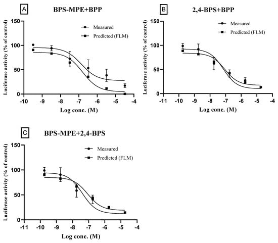 The binary mixtures were prepared by mixing two compounds with an equi-effect ratio of IC50 as described in the methods section. Three mixtures were prepared: BPS-MPE/BPP, 2,4-BPS/BPP, and BPS-MPE/2,4-BPS. The highest test concentration of the binary mixture was based on the IC50 of each compound, and the concentration was serially diluted. Test wells were spiked with 25 pM 17β-estradiol, and the normalized mean values of the luminescence signal (luciferase activity) of the test wells were divided by that of spiked control (100%). Concentration–response curves of binary mixtures of the antagonist compounds, both the measured and the predicted, are shown in Figure 5. As shown in the figure, the measured curves were very close to the predicted curves, respectively, which did not expect the synergism or antagonism. When the parameters of the concentration–response curves were calculated, they were also very similar as shown in Table 5. The MDRs, calculated as the ratio of the expected values and the measured values in the test concentrations, were within 0.50~2.00 indicating additive activity.
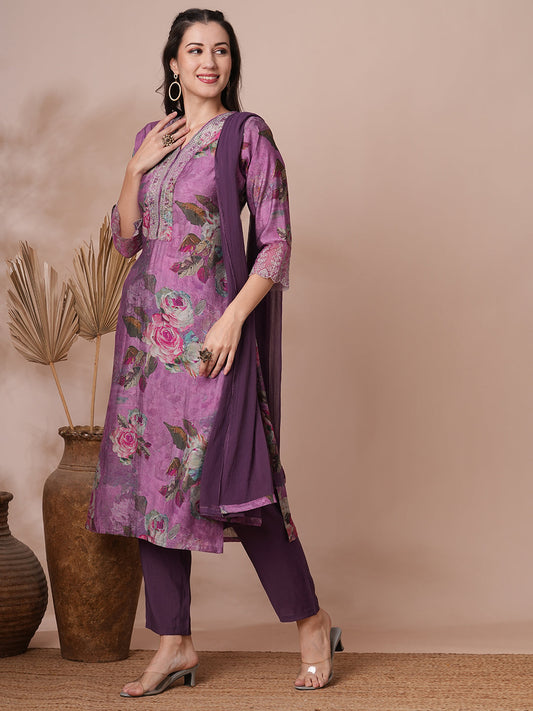 Abstract Printed & Embroidered Straight Fit Kurta with Pant and Dupatta - Purple
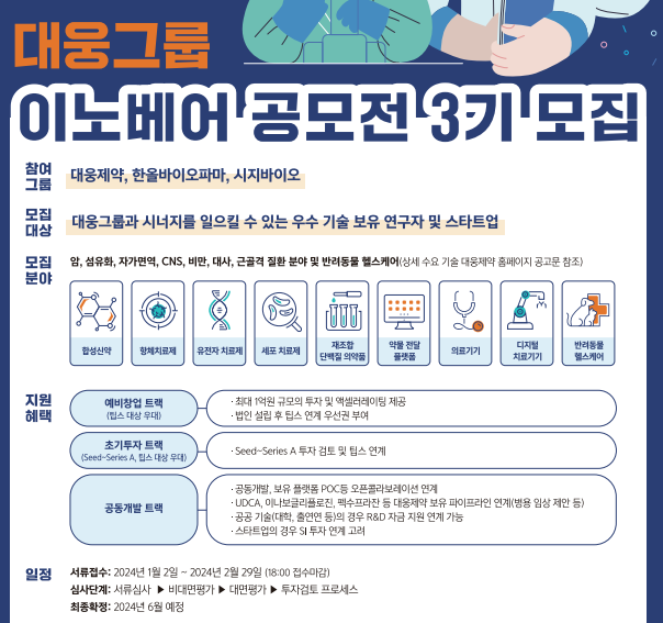 ‘초기투자’는 씨드 라운드 및 시리즈 A 투자 검토 기회를 받게 된다. ‘공동개발’은 오픈 콜라보레이션, 대웅제약 파이프라인, R&D 자금 지원, SI투자 등 연계 검토 기회를 부여받게 된다.
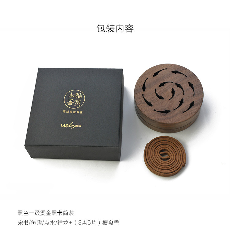 weis唯詩 黑胡桃木盤香盒 盤香爐檀香沉香仿古家用室內香熏爐禮盒1入
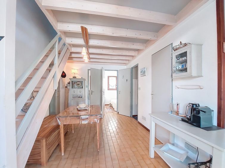 4-Zimmer-Reihenhaus 59 m2 auf 2 Stockwerken. Wohn-/Esszimmer. Ausgang zur Terrasse. 1 Zimmer mit 1 franz. Bett (1 x 140 cm, Länge 190 cm). 1 kleines Kinderzimmer mit 1 x 2 Etagenbetten (90 cm, Länge 190 cm). Durchgangszimmer, ohne Fenster mit 1 Doppeldiwanbett (1 x 140 cm, Länge 190 cm). Kochnische (2 Glaskeramikplatten, Toaster, Wasserkocher, Mikrowelle, elektrische Kaffeemaschine). Bad, sep. WC. E-Heizung. Obergeschoss: abgeschrägte Galerie mit TV (Flachbildschirm). Terrasse 15 m2, Gartensitzplatz 50 m2. Terrassenmöbel, Gartengrill. Zur Verfügung: Internet (WLAN, extra). Parkplatz Nr. 17. Bitte beachten: Nichtraucher-Unterkunft. 1 kleines Haustier/Hund erlaubt. Rauchmelder. Inserat einer Privatperson nach Artikel 155, IV, CGI.
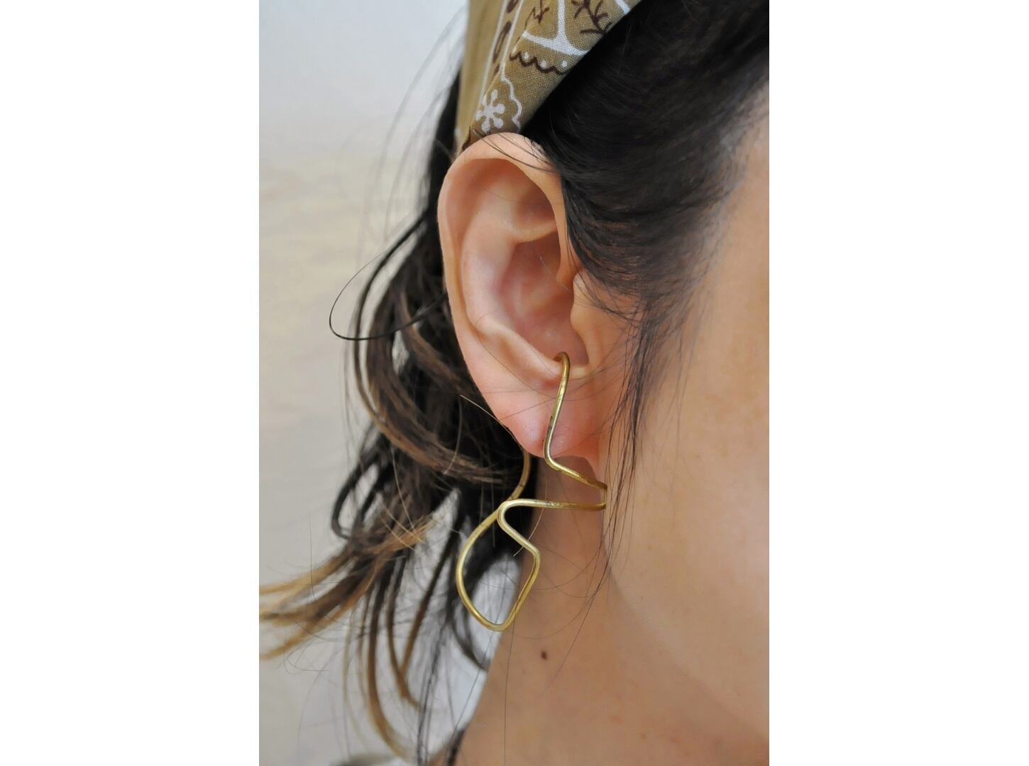 先端部分を耳の下部に入れ込み、耳に引っ掛かったように見えるデザインです。
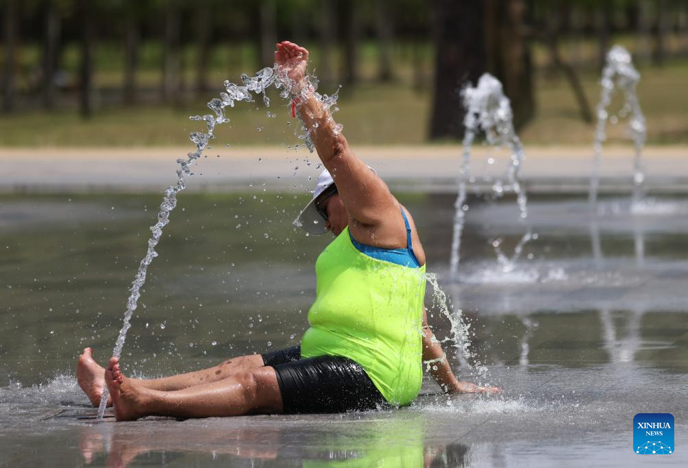 A woman cools herself at a fountain in Montpellier, southern France, July 18, 2023. Extreme heat warnings were issued across Europe on Wednesday as the best part of the continent was gripped by the most intense heatwave since records began. (Xinhua/Gao Jing)
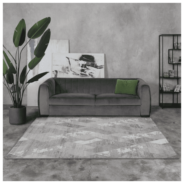 Ковер выполнен в серо-бежевой гамме с геометричным рисунком, который делает интерьер более аккуратным и современным. Мягкие переходы оттенков позволяют легко сочетать модель с разной мебелью и напольными покрытиями.
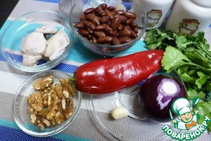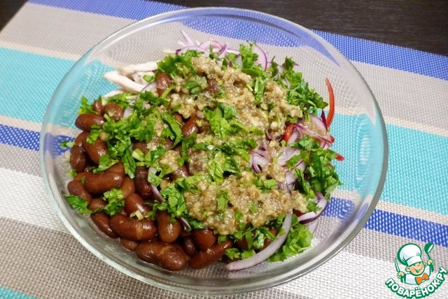 Мелко нарезать зелень кинзы и петрушки, помельче нарезать перчик чили (это по вкусу). Добавить зелень и орехово-чесночную заправку в салат.
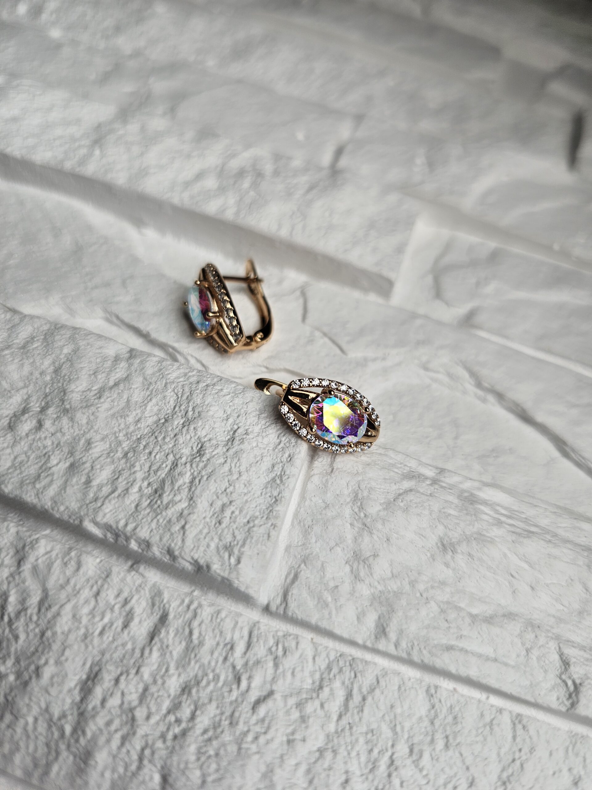 Spindintys auskarai su žvilgančiais daugiaspalviais kristalais, primenančiais šiaurės pašvaistės šviesas. Auksinės linijos ir smulkūs akmenukai aplink pagrindinį kristalą sukuria subtilų prabangos pojūtį. Tobulas pasirinkimas tiek vakariniam įvaizdžiui, tiek ypatingai progai.
###
> Activity:
Return every entry from the listing above exactly as it stands, leaving out any picture.

> Output for this exercise:
 The binary mixtures were prepared by mixing two compounds with an equi-effect ratio of IC50 as described in the methods section. Three mixtures were prepared: BPS-MPE/BPP, 2,4-BPS/BPP, and BPS-MPE/2,4-BPS. The highest test concentration of the binary mixture was based on the IC50 of each compound, and the concentration was serially diluted. Test wells were spiked with 25 pM 17β-estradiol, and the normalized mean values of the luminescence signal (luciferase activity) of the test wells were divided by that of spiked control (100%). Concentration–response curves of binary mixtures of the antagonist compounds, both the measured and the predicted, are shown in Figure 5. As shown in the figure, the measured curves were very close to the predicted curves, respectively, which did not expect the synergism or antagonism. When the parameters of the concentration–response curves were calculated, they were also very similar as shown in Table 5. The MDRs, calculated as the ratio of the expected values and the measured values in the test concentrations, were within 0.50~2.00 indicating additive activity.
 Abstract Printed & Embroidered Straight Fit Kurta with Pant and Dupatta - Purple
 ‘초기투자’는 씨드 라운드 및 시리즈 A 투자 검토 기회를 받게 된다. ‘공동개발’은 오픈 콜라보레이션, 대웅제약 파이프라인, R&D 자금 지원, SI투자 등 연계 검토 기회를 부여받게 된다.
 weis唯詩 黑胡桃木盤香盒 盤香爐檀香沉香仿古家用室內香熏爐禮盒1入
 4-Zimmer-Reihenhaus 59 m2 auf 2 Stockwerken. Wohn-/Esszimmer. Ausgang zur Terrasse. 1 Zimmer mit 1 franz. Bett (1 x 140 cm, Länge 190 cm). 1 kleines Kinderzimmer mit 1 x 2 Etagenbetten (90 cm, Länge 190 cm). Durchgangszimmer, ohne Fenster mit 1 Doppeldiwanbett (1 x 140 cm, Länge 190 cm). Kochnische (2 Glaskeramikplatten, Toaster, Wasserkocher, Mikrowelle, elektrische Kaffeemaschine). Bad, sep. WC. E-Heizung. Obergeschoss: abgeschrägte Galerie mit TV (Flachbildschirm). Terrasse 15 m2, Gartensitzplatz 50 m2. Terrassenmöbel, Gartengrill. Zur Verfügung: Internet (WLAN, extra). Parkplatz Nr. 17. Bitte beachten: Nichtraucher-Unterkunft. 1 kleines Haustier/Hund erlaubt. Rauchmelder. Inserat einer Privatperson nach Artikel 155, IV, CGI.
 先端部分を耳の下部に入れ込み、耳に引っ掛かったように見えるデザインです。
 A woman cools herself at a fountain in Montpellier, southern France, July 18, 2023. Extreme heat warnings were issued across Europe on Wednesday as the best part of the continent was gripped by the most intense heatwave since records began. (Xinhua/Gao Jing)
 Ковер выполнен в серо-бежевой гамме с геометричным рисунком, который делает интерьер более аккуратным и современным. Мягкие переходы оттенков позволяют легко сочетать модель с разной мебелью и напольными покрытиями.
 Мелко нарезать зелень кинзы и петрушки, помельче нарезать перчик чили (это по вкусу). Добавить зелень и орехово-чесночную заправку в салат.
 Spindintys auskarai su žvilgančiais daugiaspalviais kristalais, primenančiais šiaurės pašvaistės šviesas. Auksinės linijos ir smulkūs akmenukai aplink pagrindinį kristalą sukuria subtilų prabangos pojūtį. Tobulas pasirinkimas tiek vakariniam įvaizdžiui, tiek ypatingai progai.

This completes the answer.